Urgent attention needed to address illegal vending in Georgetown

Dear Editor,
Upon reading recent press reports, it has come to my attention that yet another court order has been issued by the High Court against the Mayor and Councillors of the City of Georgetown. This order specifically directs the City Engineer to remove all encumbrances placed by vendors from the pavements and streets surrounding a business entity.
This repetitive legal recourse, undertaken by numerous business owners over the years to restore civility, security, and structure to their surroundings, prompts me to question the City’s commitment to ensuring the freedom of every business from such nuisances. Must every business owner have to resort to legal action to secure relief? How could the City, in good conscience, receive commercial property rates from these business owners?
The persistence of unlawful vending has fostered a belief among illegal operators that they have a right to encroach upon parapets, pavements, and business fronts. Some vendors erroneously assume that official approval and payment of a cleaning fee to the municipality legitimise their operations.
It is crucial to emphasize that such actions do not legitimise illegal vending. In fact, most pavement vending remains illegal, and therefore the City should not only act upon individual court orders, but should remove vendors from around all business places. As the saying goes, “What is sauce for the goose is sauce for the gander”.

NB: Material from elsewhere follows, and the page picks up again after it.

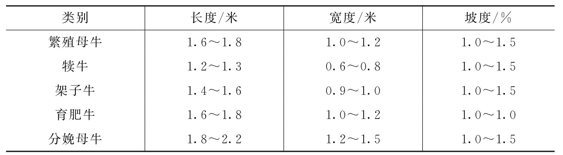 牛床的规格直接影响到牛舍的规格,不同类型的牛需要的牛床规格不同。见表2-2。

The Georgetown City Council bears a significant responsibility for the current state of affairs in our capital. For decades, the municipality has failed to curtail illegal vending, inadvertently contributing more to its encouragement than discouragement. The Council’s claim that this issue extends beyond its capacity is questionable, especially when considering the successful restriction of vending around City Hall. The fact that the perimeter of City Hall remains off-limits to vendors demonstrates that the City Council possesses the capability to control pavement and roadside vending.
As we anticipate a new era under the leadership of the recently-elected Mayor, there is an urgent need for proactive measures to reshape downtown Georgetown. It is my hope that the new municipal directorate, in collaboration with the municipal administration, will address this longstanding issue decisively, taking bold steps to rectify the current chaotic state of affairs in the city in time for Christmas.